Girls Who Like Boys Who Like Boys


Girls Who Like Boys Who Like Boys is an American reality television series that premiered on December 7, 2010, on the Sundance Channel. The series chronicles the lives of four gay men and their female best friends. Season 2, which saw the show relocating to Nashville, Tennessee, premiered November 18, 2011.

Cast

Season 1

Season 1 (2010)

Season 2 (2011-12)

Reception

Ellen Gray of The Philadelphia Daily News found Girls to be similar in tone to the series Will & Grace and pondered whether a reality version of that show was necessary. Despite that, the News found the lack of "manufactured" drama a positive change from other similar reality programs.
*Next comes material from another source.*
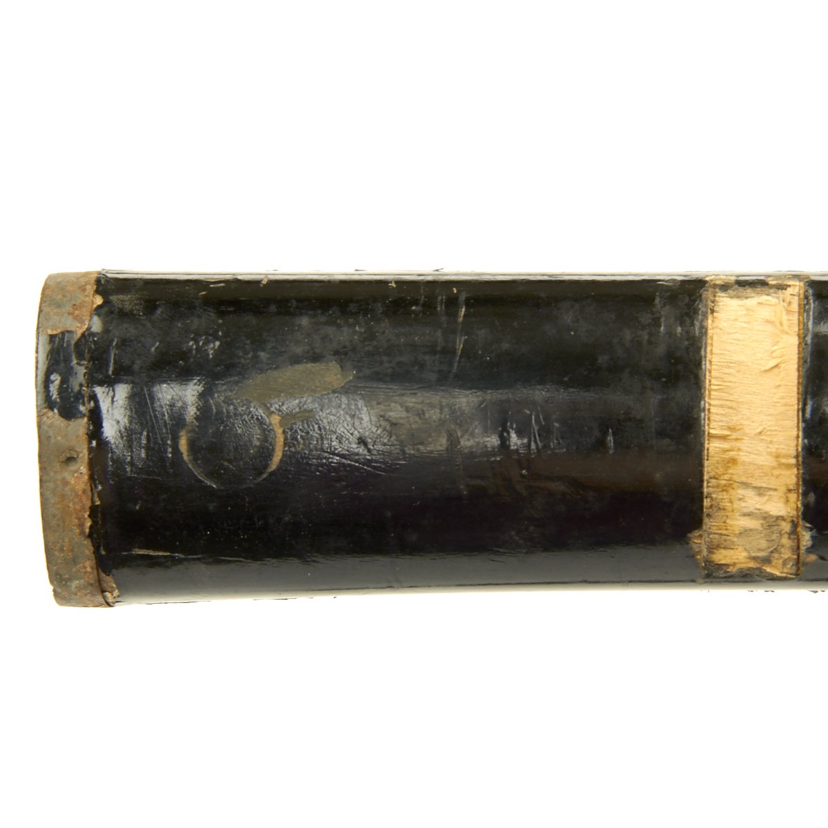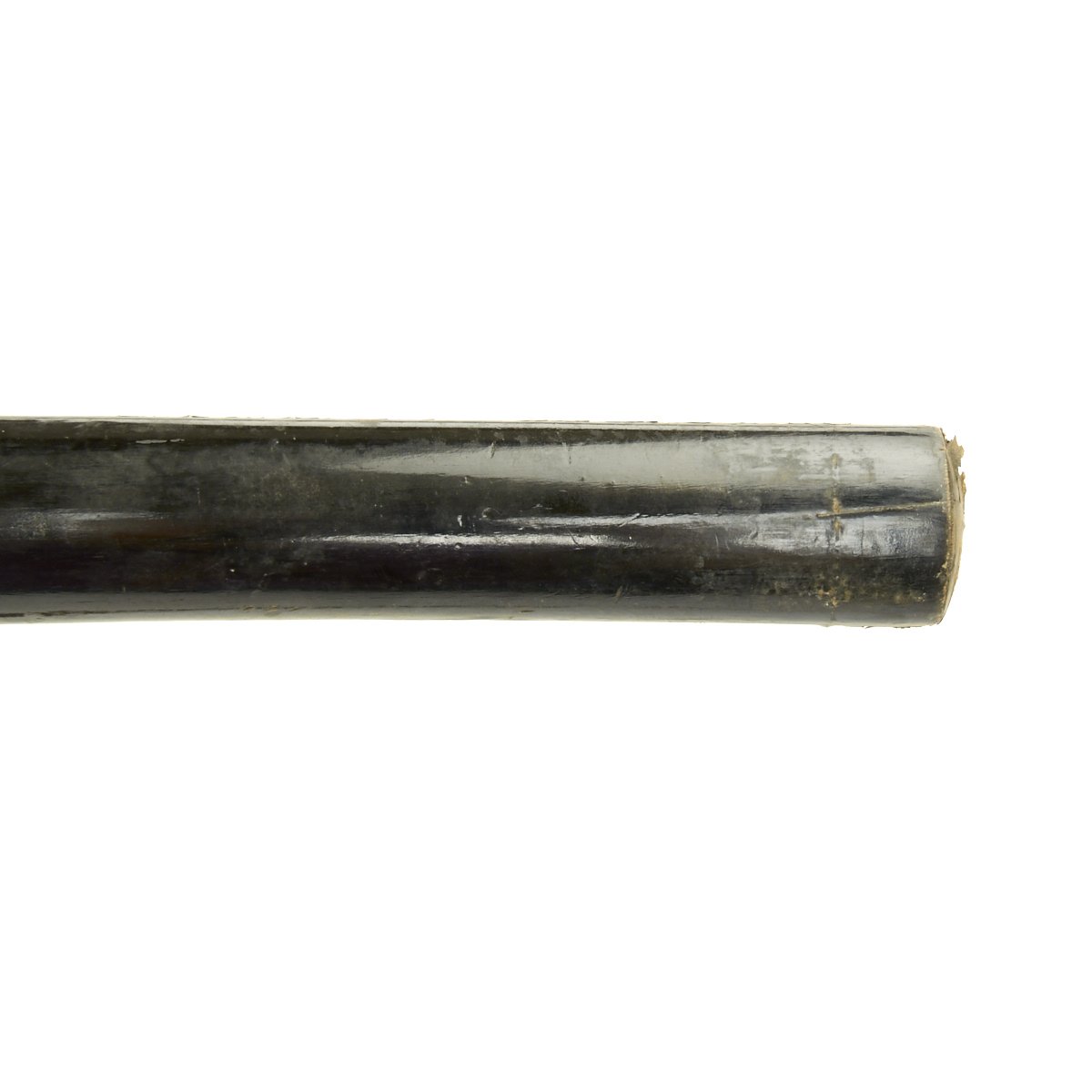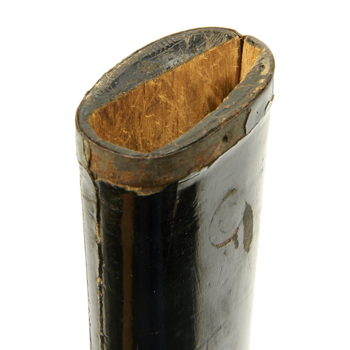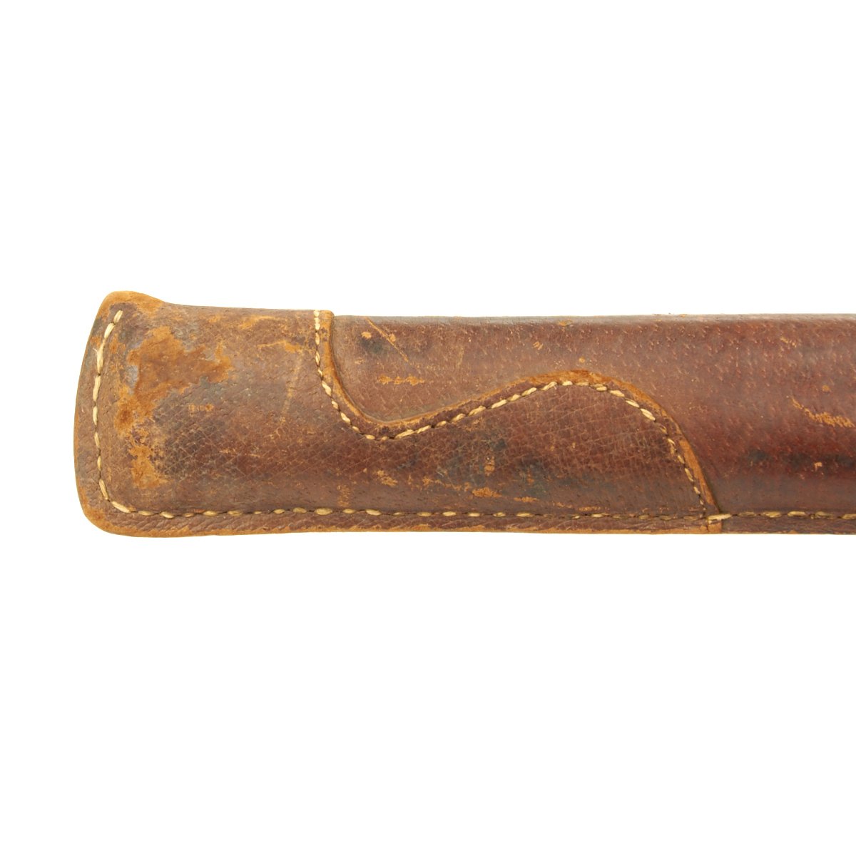 The Scabbard (saya) is wood and in very nice condition with original WW2 black paint. Over the scabbard is a high grade leather sword cover in original worn condition. There is a snap on the scabbard cover which would originally have matched a strap that attaches to the hilt, but the strap has broken off, though the leather spacer is still present with a portion of the strap.

The New York Daily News's Richard Huff, also comparing Girls Who Like Boys Who Like Boys to the "groundbreaking" Will & Grace, labels Girls Who Like Boys Who Like Boys "mind-breaking". It has moments, sure, but never enough to make it memorable or a winner." The lack of "reality-show trappings" like "table flipping" and "hair-extension pulling", he writes, means that the series needs "some humor, drama and good storytelling" and Girls Who Like Boys Who Like Boys lacks these qualities. Hank Stuever of The Washington Post cites a "curiously sad tone" that pervades Girls Who Like Boys Who Like Boys. "The show often seems at cross-purposes," he continues, "as if the producers had a clear idea of what sort of peppy project they wanted to film and then picked the wrong people to follow around."
Troy Patterson of Slate.com calls the series "intriguingly ridiculous". Girls Who Like Boys Who Like Boys, he writes, seeks to be a serious show but in trying to be serious it "betrays its core triviality". Brent Hartinger of the gay-interest website TheBacklot.com writes that it is "a smart, watchable show". Acknowledging the Will & Grace-like premise, Hartinger notes that the series quickly deals with the similarities and "becomes about four very specific pairings, each of which is interesting and unique in its own way. Better still, none of the relationships is perfect, and only one is what might you think of when you think of this type of relationship". Joel Derfner, a co-star of season one of the show, has publicly criticized the show's producers for their editing and manipulation of statements and sentiments, which sometimes ended up on air as the opposite of actual fact.